We wouldn't need so many damn laws to prevent shitty companies from doing shitty things if we could just become the kind of society that doesn't support shitty companies. The cookie thing is a great example of how a well–intentioned regulation made the internet an even more irritating place to be.

[–] jjjalljs@ttrpg.network 3 points 2 hours ago (1 children)

I suppose. But have you tried to get people to care about things? It's stupid hard. I can't get most of my friends to stop using Twitter, which is a pretty low stakes change. Nevermind something like "eat less meat" or "walk instead of drive sometimes"

If you can make people care, you can solve a lot of problems

[–] hazl@lemmy.blahaj.zone 2 points 1 hour ago

I have tried, and writing my last comment actually brought a lot of repressed rage out. I've been too lenient on my friends and family who continue to use things like Facebook and X, because I didn't want to be that opinionated, ideological snore who won't shut up about how Facebook is the world's most prolific purveyor of hate speech, propping up the Trump administration, Israel, LGBT hate groups, the Rohingya genocide, housing discrimination, abortion witch hunts, blah blah blah. But the thing is that these are true things, and people should be appalled enough to never touch a Meta product again, even if it means teaching an elderly family member to learn a new group messaging app.

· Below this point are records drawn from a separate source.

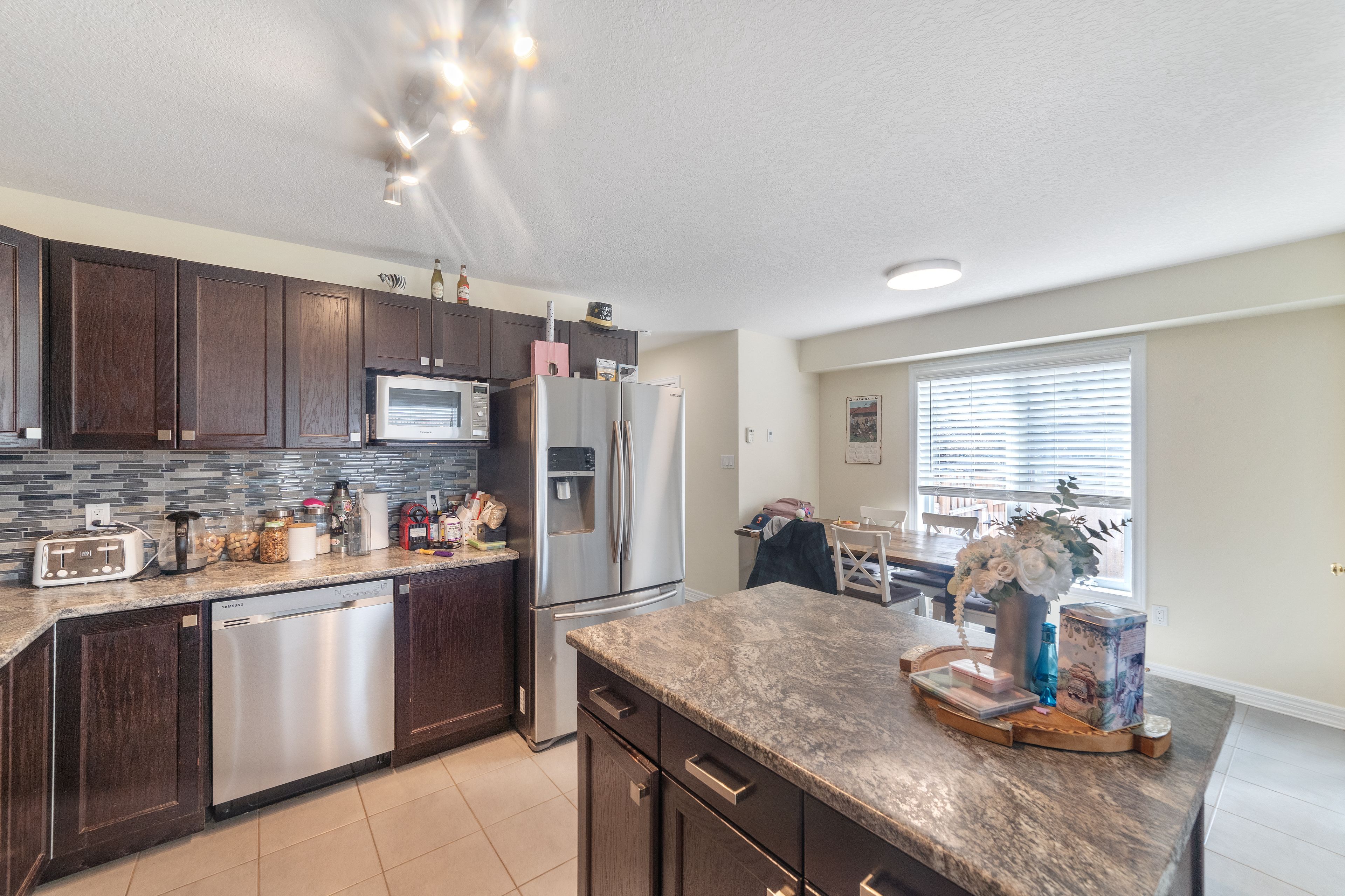 • Modern kitchen featuring stainless steel appliances and breakfast bar.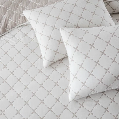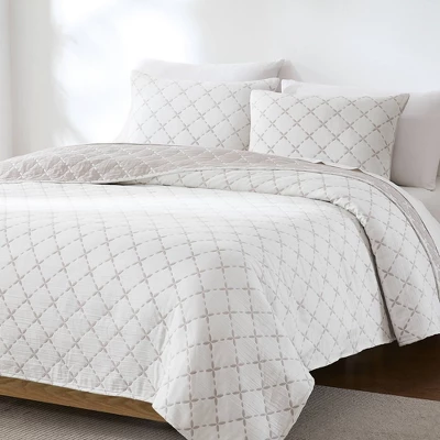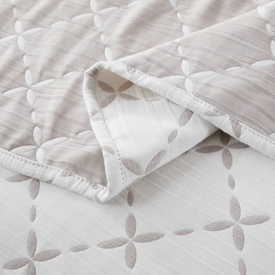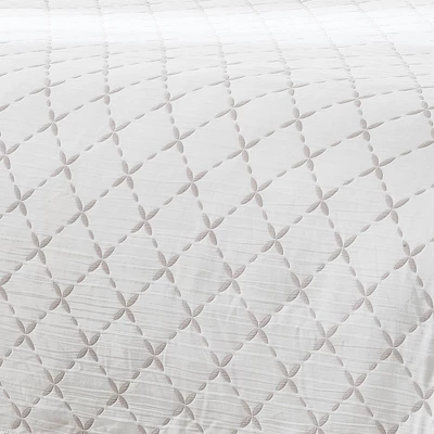 Enjoy two classic looks with this reversible matelasse coverlet set, woven with a stitched diamond pattern adorned with delicate leaves. The reverse has the same pattern with inverted colors. Style with coquette decor, alone or layered for seasonal comfort. Made with a lightweight cotton blend, this 3 piece bedding set includes 1 coverlet and 2 shams. STANDARD 100 by OEKO-TEX® certified, all components have been tested and certified free from harmful substances. Machine washable for easy care.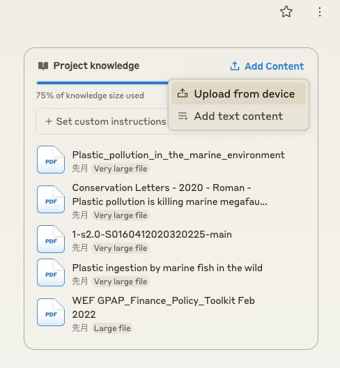 以下の画像で「75% of knowledge size used」と表示されているのは、20万トークンという制限の何割を使い切ったかを示すバーだ。

So I'm back to being a loudmouth bitch who scolds people for using Facebook. And X. But I probably don't stand a chance with Google.

[–] KairuByte@lemmy.dbzer0.com 3 points 21 hours ago (1 children)

I kinda doubt you’d be able to write a law that would actually have the effect you’re looking for. In the case of what you just wrote, all YouTube would need to do is write into their ToS that by uploading to their platform you’ve given them explicit permission to alter the video for purposes of storage space or increasing/decreasing quality.

[–] jjjalljs@ttrpg.network 3 points 20 hours ago

I think you're under estimating what the law can do, probably because most of the time it's used to bolster rich assholes.

[–] jonesey71@lemmus.org 0 points 18 hours ago (1 children)

It might not be currently illegal but I think there should be a law defining "crimes against society" that only applies to corporations and politicians. It could be vague like "disorderly conduct" but just for corpos and politicians and would include things like lying to the public and could have punishments like corpos losing their business license (death) and banishment to the moon/sun for politicians.

[–] KairuByte@lemmy.dbzer0.com 5 points 18 hours ago

Overly vague laws are never a good thing.